• **Data**:
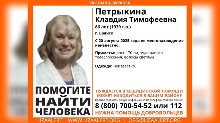 В Брянске пропала 86-летняя женщина, нуждающаяся в медицинской помощи
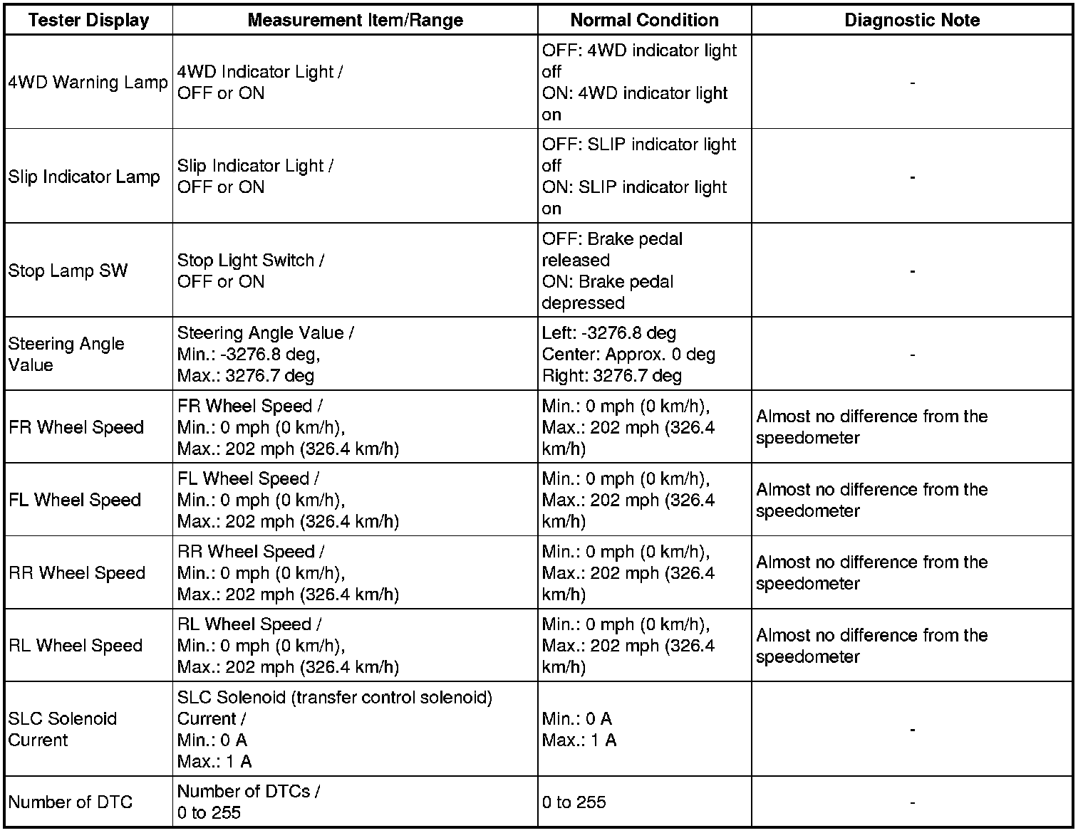 1. DATA LIST OF 4WD CONTROL ECU
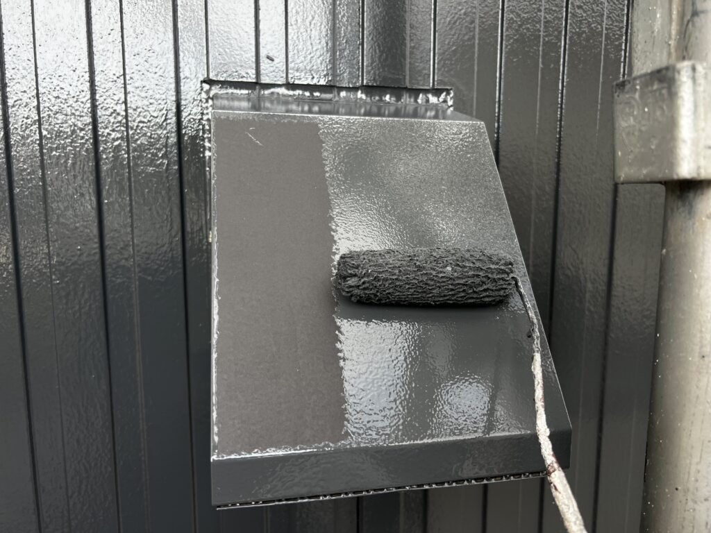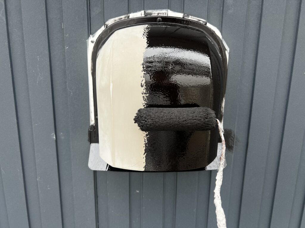 下地処理が終わったら次は下塗り作業になります。今回使用させて頂いた塗料は錆止め&プライマー効果のある材料です。錆を発生しにくくし、上塗り材との密着も良くするための材料です。上塗りの色が濃い色なので黒の下塗り塗料を使用しています。例えば上塗りが明るい色【白やクリーム】の場合は白の下塗り塗料を使用します。そうする事で仕上がりの艶も変わり、発色がよくなります。

• **Description of the task**: Only the lines from the one with "1. DATA LIST OF 4WD CONTROL ECU" to the end of the listing, both ends included, should be retyped exactly; no pictures belong in the copy.

• **Task response**:
 1. DATA LIST OF 4WD CONTROL ECU
 下地処理が終わったら次は下塗り作業になります。今回使用させて頂いた塗料は錆止め&プライマー効果のある材料です。錆を発生しにくくし、上塗り材との密着も良くするための材料です。上塗りの色が濃い色なので黒の下塗り塗料を使用しています。例えば上塗りが明るい色【白やクリーム】の場合は白の下塗り塗料を使用します。そうする事で仕上がりの艶も変わり、発色がよくなります。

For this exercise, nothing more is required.